[[ SUPPLIED MATERIAL, beginning ]]

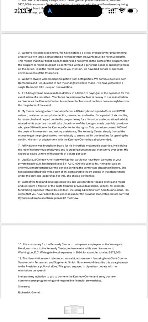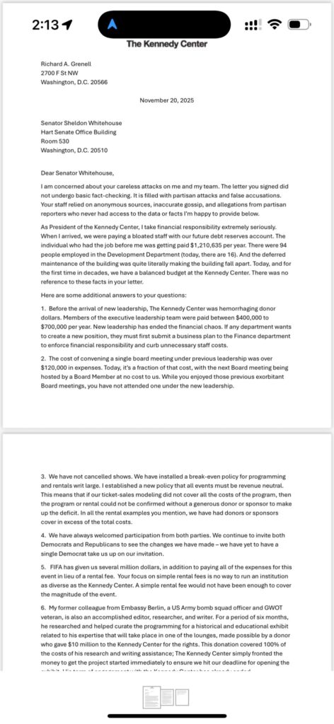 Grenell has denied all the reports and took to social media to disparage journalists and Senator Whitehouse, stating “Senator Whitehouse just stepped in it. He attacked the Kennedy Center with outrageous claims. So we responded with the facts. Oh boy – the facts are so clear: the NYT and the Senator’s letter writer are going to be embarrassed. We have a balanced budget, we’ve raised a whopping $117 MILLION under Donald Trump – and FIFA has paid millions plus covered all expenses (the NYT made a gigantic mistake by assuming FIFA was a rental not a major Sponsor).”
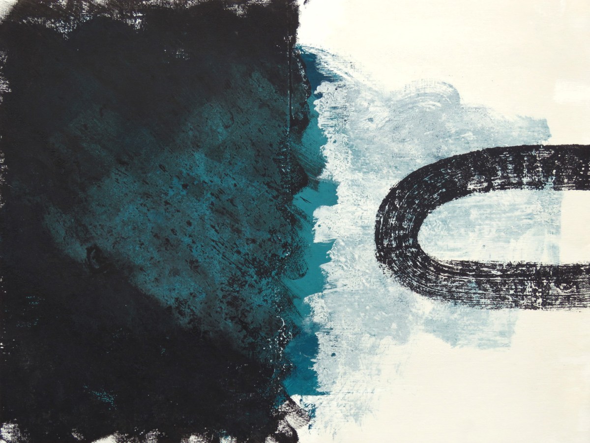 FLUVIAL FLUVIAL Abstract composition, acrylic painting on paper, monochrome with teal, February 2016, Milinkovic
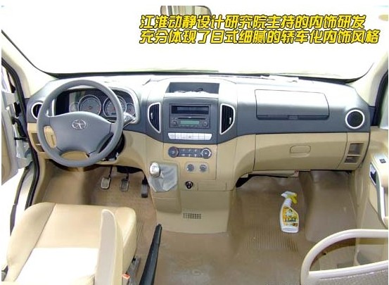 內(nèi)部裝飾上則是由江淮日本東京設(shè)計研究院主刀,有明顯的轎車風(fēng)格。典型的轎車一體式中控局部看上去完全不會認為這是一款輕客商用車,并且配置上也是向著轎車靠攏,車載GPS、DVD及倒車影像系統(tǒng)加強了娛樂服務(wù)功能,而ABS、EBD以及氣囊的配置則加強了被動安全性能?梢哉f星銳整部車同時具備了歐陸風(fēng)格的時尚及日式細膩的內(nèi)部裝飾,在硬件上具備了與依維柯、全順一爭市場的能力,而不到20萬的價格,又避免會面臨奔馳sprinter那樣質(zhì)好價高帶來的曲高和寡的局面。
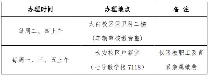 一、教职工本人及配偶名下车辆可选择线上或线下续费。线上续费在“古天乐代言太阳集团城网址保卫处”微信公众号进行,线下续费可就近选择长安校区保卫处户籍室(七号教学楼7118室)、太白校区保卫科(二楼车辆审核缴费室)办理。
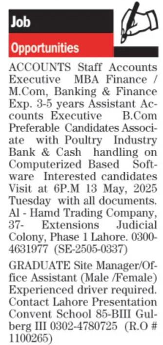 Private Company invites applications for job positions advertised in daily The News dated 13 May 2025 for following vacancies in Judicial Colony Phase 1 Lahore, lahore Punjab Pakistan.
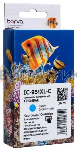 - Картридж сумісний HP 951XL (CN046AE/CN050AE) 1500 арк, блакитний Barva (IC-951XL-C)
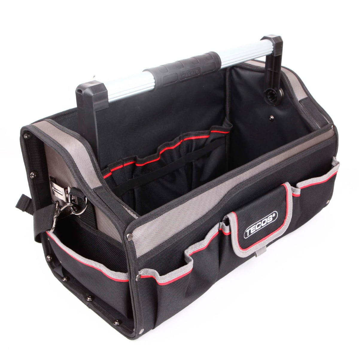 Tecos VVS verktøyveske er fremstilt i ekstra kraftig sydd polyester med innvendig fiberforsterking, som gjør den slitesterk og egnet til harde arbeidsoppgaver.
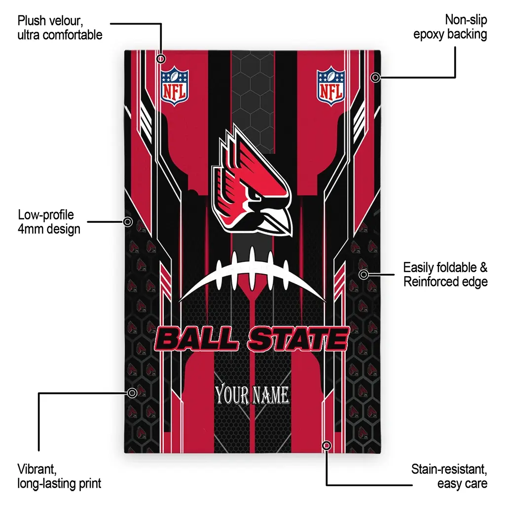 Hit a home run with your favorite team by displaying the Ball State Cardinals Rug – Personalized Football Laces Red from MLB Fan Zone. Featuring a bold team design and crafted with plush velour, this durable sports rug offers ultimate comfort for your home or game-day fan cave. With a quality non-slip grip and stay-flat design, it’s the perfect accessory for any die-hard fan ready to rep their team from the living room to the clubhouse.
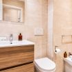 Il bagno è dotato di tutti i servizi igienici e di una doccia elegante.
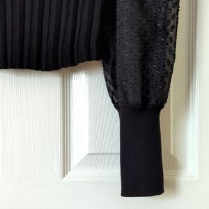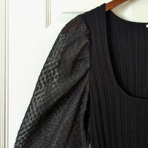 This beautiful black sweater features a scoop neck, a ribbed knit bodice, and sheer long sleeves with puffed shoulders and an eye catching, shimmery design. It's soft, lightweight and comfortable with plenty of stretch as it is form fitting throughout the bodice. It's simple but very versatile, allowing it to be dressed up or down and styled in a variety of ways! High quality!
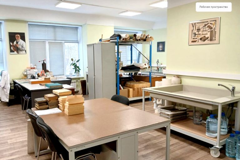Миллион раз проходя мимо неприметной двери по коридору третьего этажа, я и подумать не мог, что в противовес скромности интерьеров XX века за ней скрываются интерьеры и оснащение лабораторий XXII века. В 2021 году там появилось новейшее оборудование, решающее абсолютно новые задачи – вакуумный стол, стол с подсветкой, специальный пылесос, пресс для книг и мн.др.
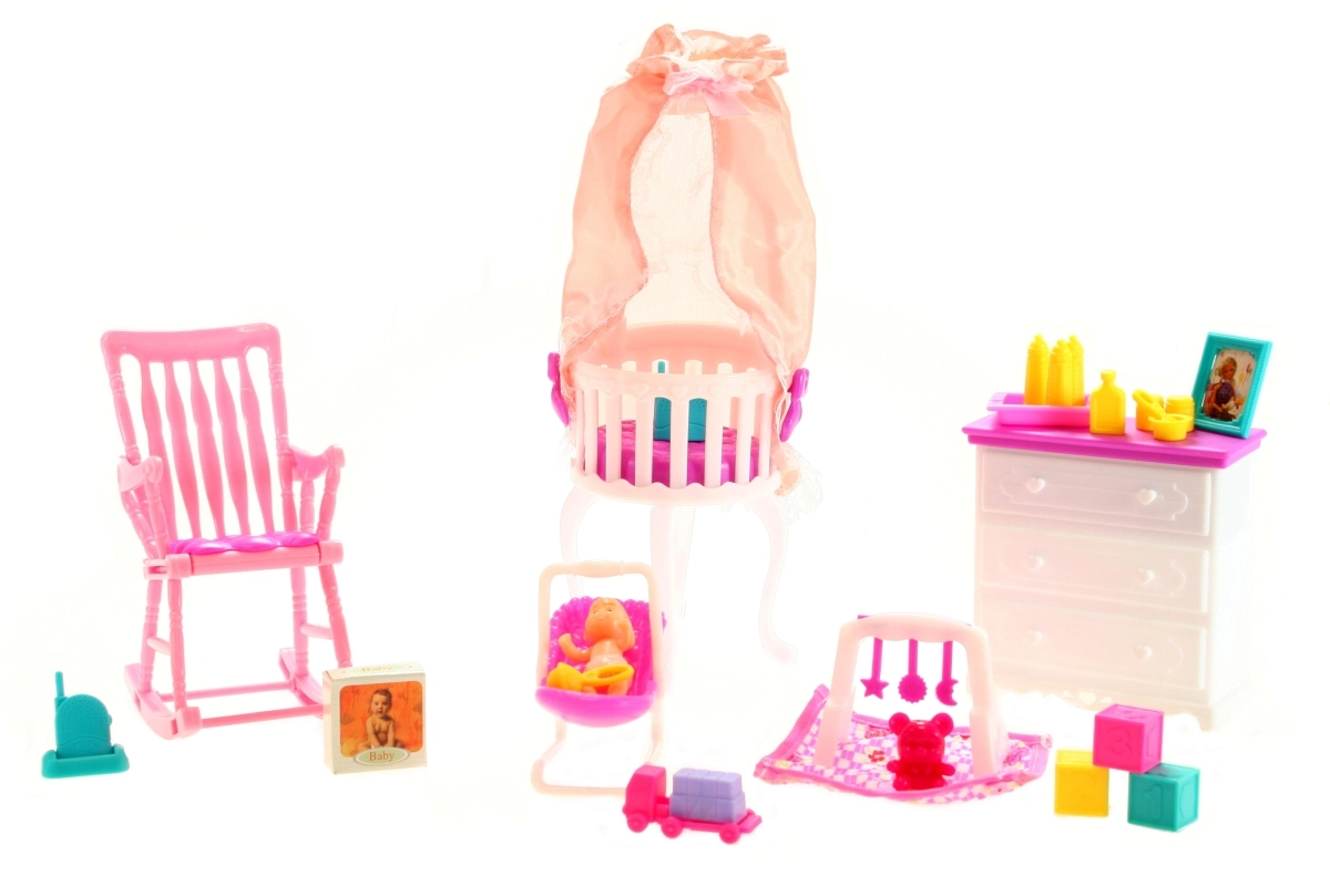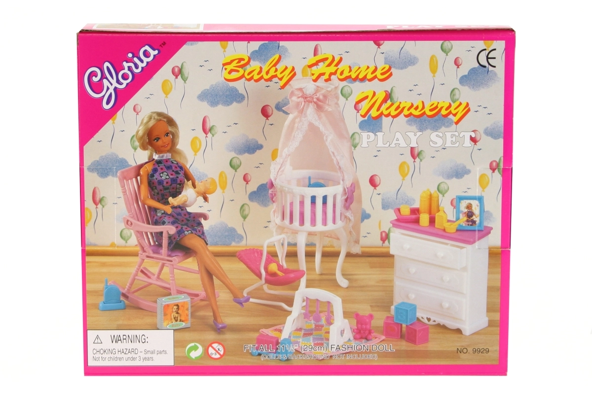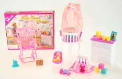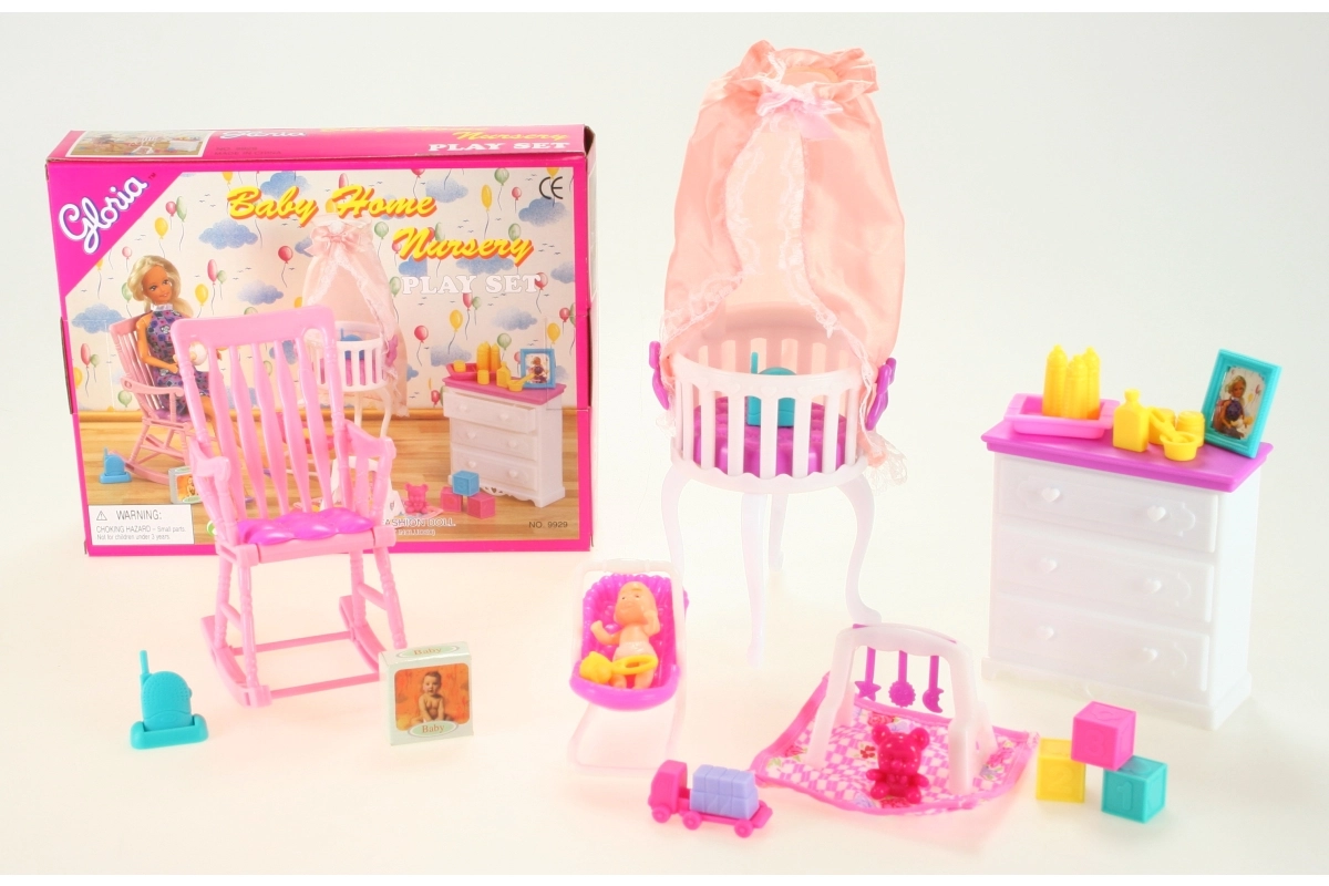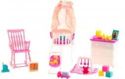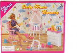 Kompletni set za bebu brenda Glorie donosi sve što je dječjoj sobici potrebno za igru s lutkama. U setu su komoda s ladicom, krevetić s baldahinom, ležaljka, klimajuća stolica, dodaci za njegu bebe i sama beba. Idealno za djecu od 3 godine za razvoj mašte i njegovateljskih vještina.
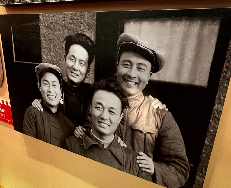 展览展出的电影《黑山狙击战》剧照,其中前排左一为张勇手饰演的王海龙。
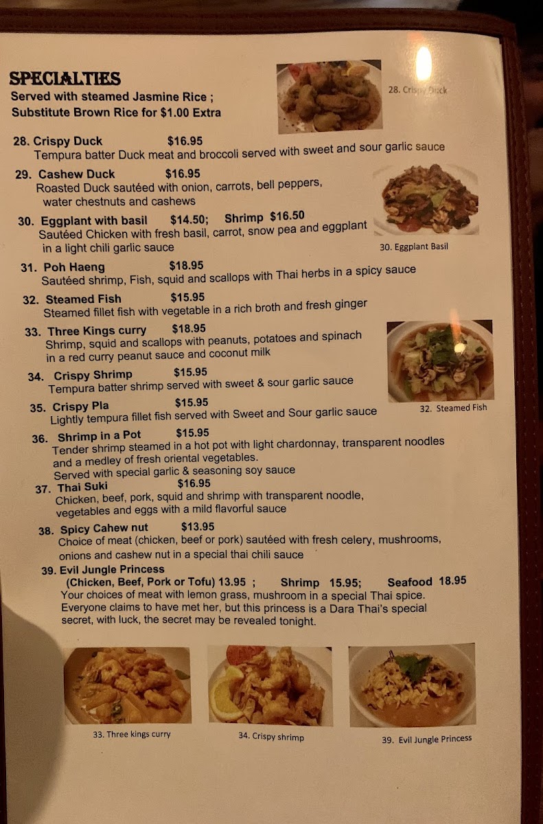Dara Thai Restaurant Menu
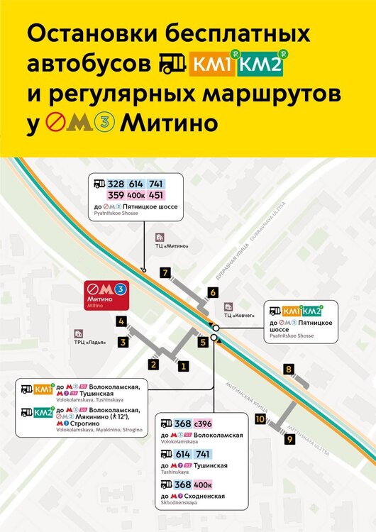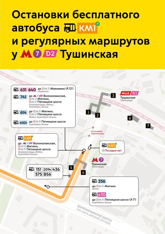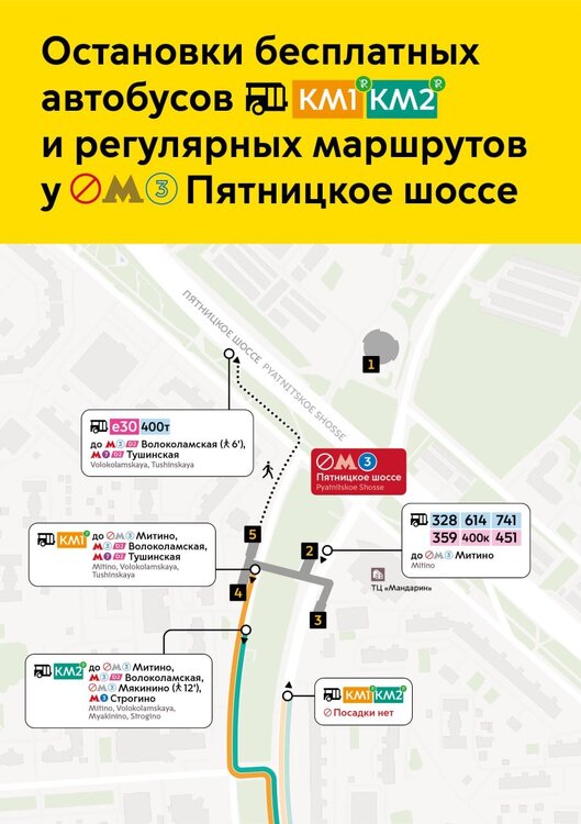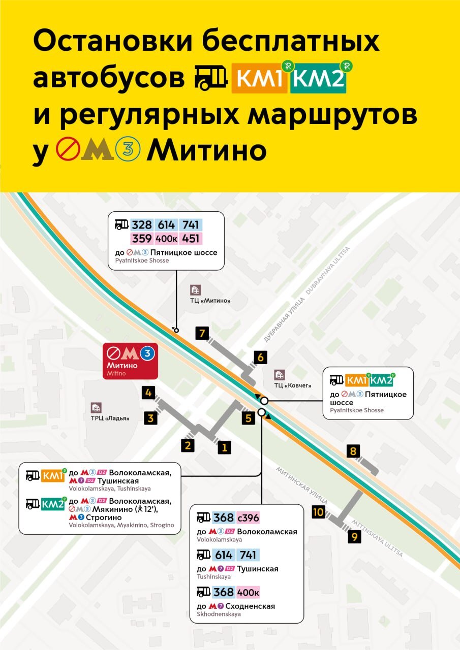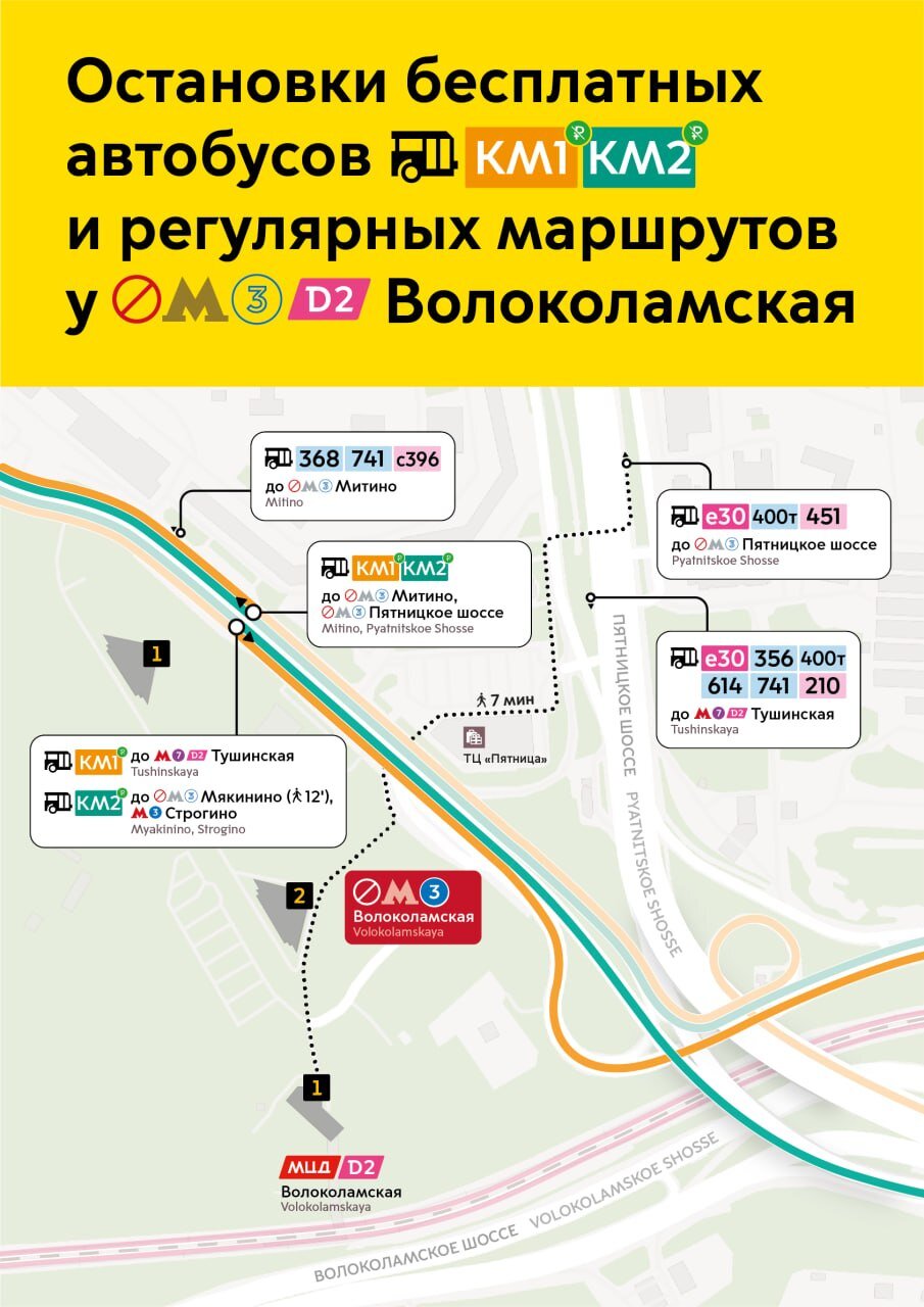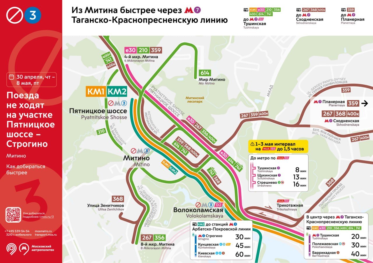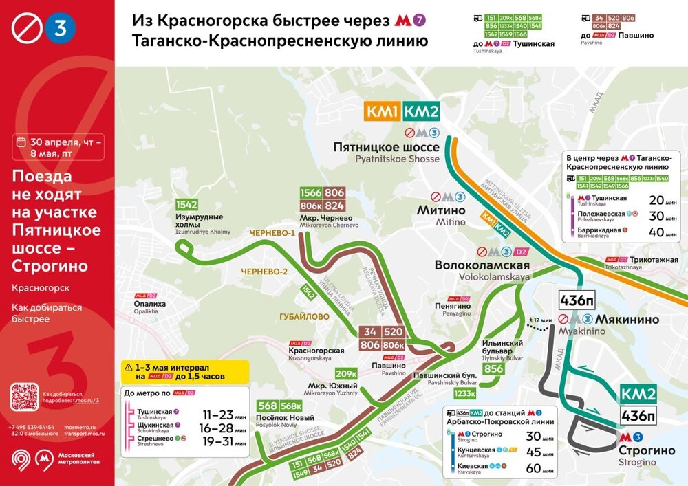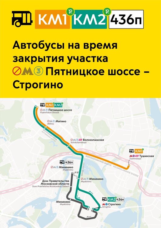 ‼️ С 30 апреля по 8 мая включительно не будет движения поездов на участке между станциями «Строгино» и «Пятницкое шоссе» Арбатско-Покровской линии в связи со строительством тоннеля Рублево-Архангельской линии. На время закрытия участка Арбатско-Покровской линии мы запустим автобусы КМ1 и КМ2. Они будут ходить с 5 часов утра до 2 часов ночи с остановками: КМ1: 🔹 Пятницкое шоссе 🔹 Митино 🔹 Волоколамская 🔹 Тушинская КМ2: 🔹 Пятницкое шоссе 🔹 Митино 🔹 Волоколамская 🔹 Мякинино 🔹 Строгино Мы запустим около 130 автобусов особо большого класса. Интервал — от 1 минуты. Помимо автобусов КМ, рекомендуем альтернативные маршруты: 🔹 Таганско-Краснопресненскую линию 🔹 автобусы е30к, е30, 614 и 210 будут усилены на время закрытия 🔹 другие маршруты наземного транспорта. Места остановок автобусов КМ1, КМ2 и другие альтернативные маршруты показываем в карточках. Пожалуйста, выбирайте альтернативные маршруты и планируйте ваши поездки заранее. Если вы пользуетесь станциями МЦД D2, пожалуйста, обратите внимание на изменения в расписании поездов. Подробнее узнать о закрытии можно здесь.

[[ SUPPLIED MATERIAL, end ]]

ASSIGNED TASK →
Above, find the line with "- Картридж сумісний"; copy it and every line down to the line with "Tecos VVS verktøyveske", exactly and both included, but no pictures.

WORKED SOLUTION →
 - Картридж сумісний HP 951XL (CN046AE/CN050AE) 1500 арк, блакитний Barva (IC-951XL-C)
 Tecos VVS verktøyveske er fremstilt i ekstra kraftig sydd polyester med innvendig fiberforsterking, som gjør den slitesterk og egnet til harde arbeidsoppgaver.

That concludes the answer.